Une vieille maîtresse
Toronto International Film Festival Program Book
2007
Une vieille maitresse | The Last Mistress
Catherine Breillat
FRANCE, 2007
French 114 minutes Colour/35mm
Production Company: Flach Film/CB Films/France 3 Cinema/Studio Canal/Buskin Film
Producer: Jean-Francois Lepetit
Screenplay: Catherine Breillat, based on the novel by Jules Barbey d’Aurevilly
Cinematographer: Yorgos Arvanitis
Editor: Pascale Chavance
Production Designer: Francois-Renaud Labarthe
Sound: Yves Osmu, Yves Levéque, Sylvain Lasseur, Roland Duboué, Emmanuel Croset Principal Cast: Asia Argento, Fu’ad Ait Aattou, Roxane Mesquida, Claude Sarraute, Yolande Moreau
Production: Flach Film
Heroically returning to the cinema after a near-fatal stroke, Catherine Breillat has lost none of her provocative brio.
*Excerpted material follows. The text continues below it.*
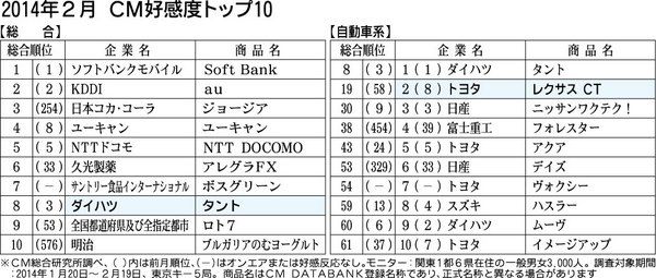 CM総合研究所(関根建男代表)がまとめた2014年2月のCM好感度ランキングは、ソフトバンクモバイルが前月に続き総合1位。自動車関連ではダイハツ工業の「タント」が2カ月連続の1位で、総合でも8位にランクインした。2位はトヨタ自動車の「レク...

In fact, she has taken on the greatest logistical challenge of her career with Une vieille maîtresse, a gorgeous period piece that took eight months to shoot and cost as much as all her other films put together.
The film represents what one might call a “consistent change” for Breillat. While it does not engage in the shock tactics of À ma soeur! or Anatomie de l’enfer, she is still very much interested in women and sex, and their centrality to any discourse about gender, power and social construction: She also loves telling a titillating story—and this is a great one. Roughly inspired by early nineteenth-century writer Jules Barbey d’Aurevilly’s notorious novel of sexual intrigue, Une vieille maîtresse concerns the attempts of sexual libertine Vellini to interrupt the plans of her dissolute young lover, Ryno de Marigny, to marry the virtuous gem of the French aristocracy, Hermangarde (Roxane Mesquida). The film plays out through a series of extended conversations among aristocrats, deploying that hilarious and sophisticated dialect of French sexual intrigue associated with Les Liaisons dangereuses and its ilk. These wonderful exchanges are punctuated by bestial sex, when passion overrides courtly manners and good intentions get debased by lust.
Breillat has found a soulmate in the larger-than-life Asia Argento, who thrills as Vellini, the half-Spanish, foul-mouthed trollop of the Paris salon. She rips the screen apart with her passion and rage, making quick work of delicate Marigny (played by exquisite newcomer Fu’ad Ait Aattou, whose face is straight out of Caravaggio). Characteristically, Breillat creates a counterpoint to the heat between her actors with a cool, dispassionate camera, always a bit distant, observant and wary. The result is a magical journey that only an iconoclastic master like Breillat could deliver.
We also take a particular pride in this film as Argento and Breillat first met in Toronto at the Festival and discussed making the film here; its screening marks a kind of reunion and closes an artistically meaningful circle.